Kamis, 22 Februari 2024

Pemegang Rekor Dunia Maraton, Kelvin Kiptun Tewas Kecelakaan

Budi Santoso
Senin, 12 Februari 2024 19:31:00
Mendiang Kelvin Kiptun, pemegang rekor dunia maraton asal Kenya yang meninggal karena kecelakaan mobil.(Istimewa/facebook.com/Christopher Schofield)

Murianews, Kudus – Kelvin Kiptun, pemegang rekor dunia maraton tewas dalam sebuah kecelakaan mobil. Peristiwa tragis ini terjadi pada Sabtu (10/2/2024) malam waktu Kenya.

Seperti dilansir dari Kenya Times, laporan polisi menyebutkan Kiptum tewas dalam kecelakaan lalu lintas di kawasan Hutan Kaptagat di sepanjang Jalan Eldoret-Ravine, Rwanda, Kenya. Mobil sedannya membelok dari jalan dan mendarat di parit pinggir jalan.

Pelari maraton Kenya itu diidentifikasi meninggal di tempat kejadian. Tubuhnya mengalami luka-luka serius sehingga nyawanya tidak bisa diselamatkan lagi.

Kelvin Kiptun, merupakan salah satu atlet lari top yang akan turun di Olimpiade Paris 2024, Juli nanti. Di arena ini, Kiptun diperkirakan akan bertarung ketat dengan rekan senegaranya Eliud Kipchoge.

Rekan Kiptun ini adalah pelari maraton top lainnya dari Kenya, yang merupakan juara Olimpiade dua kali. Meninggalnya Kiptun pada akhirnya membuat Kipchoge kehilangan rekan sekaligus rival di lari maraton.

Kecelakaan mobil tunggal menewaskan Kiptun bersama dengan pelatihnya. Pada kejadian ini Kiptun diketahui menyetir sendiri mobilnya, sebelum tergelicir di sebuah belokan hingga mobilnya menabrak pohon.

Kenneth Kimaiyo, seorang teman Kiptum, mengatakan tiba di lokasi kecelakaan segera setelah peristiwa itu terjadi. Menurutnya Kiptum telah terlempar keluar dari mobil. Mobil perak yang ditumpanginya hancur pada bagian atapnya, dengan kaca jendela tidak ada yang utuh lagi.

Kiptum yang berusia berusia 24 tahun adalah salah satu pelari asal Kenya yang tengah naik daun. Pelari ini berhasil memecahkan rekor dunia hanya dalam penampilan ketiganya dalam even maraton elit.

Rekornya, terjadi pada Chicago Marathon tahun lalu, dan diratifikasi oleh federasi atletik internasional World Athletics. Kematiannya bergema di seluruh Kenya, di mana pelari ini dianggap sebagai bintang olahraga terbesar.

"Dia baru berusia 24 tahun. Kiptum adalah masa depan kita," kata Presiden Kenya William Ruto, menyampaikan duka cita seperti dilansir Kenya Times.

Kiptum dan pelatihnya, Gervais Hakizimana, tewas dalam kecelakaan tunggal di di Rwanda, pada Minggu (11/2/2024) malam waktu setempat. Kejadianya berlangsung sekitar pukul 11 malam.

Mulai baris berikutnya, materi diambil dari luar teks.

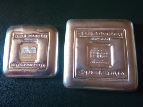 Die Degussa 40 Grämmer-Ronden -Medaillen-Rundbarren hingegen habbi relativ reichlich. Einer mit zusätzlichem Werbestempel.

Lokasi kecelakan terjadi di dekat kota Kaptagat di Kenya Barat, wilayah dataran tinggi yang terkenal sebagai basis pelatihan untuk pelari jarak jauh terbaik dari Kenya dan di seluruh dunia. Kiptum lahir dan dibesarkan di daerah tersebut.

Selain Kiptun dan pelatihnya, juga diketahui ada seorang wanita di dalam mobil yang mengalami kecelakaan. Namun identitasnya belum diketahui, dan hingga saat ini sedang menjalani perawatan serius di RS.

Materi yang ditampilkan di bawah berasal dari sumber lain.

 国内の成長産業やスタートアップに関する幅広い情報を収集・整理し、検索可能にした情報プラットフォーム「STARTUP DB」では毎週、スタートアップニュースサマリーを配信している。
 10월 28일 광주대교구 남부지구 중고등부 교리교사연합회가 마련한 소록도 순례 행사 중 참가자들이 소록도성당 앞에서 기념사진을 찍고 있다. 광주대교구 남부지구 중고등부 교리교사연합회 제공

Sedangkan Kiptum dan Hakizimana, sang pelatih dilaporkan meninggal di tempat kejadian. Kiptum adalah manusia pertama yang mampu berlari maraton dalam waktu kurang dari 2 jam, 1 menit di perlombaan resmi.

Rekor dunia maraton yang diciptakannya adalah 2:00.35 di Chicago pada bulan Oktober 2023. Pelari ini mengalahkan rekan senegaranya yang juga pelari maraton hebat Eliud Kipchoge, yang merupakan juara Olimpiade dua kali.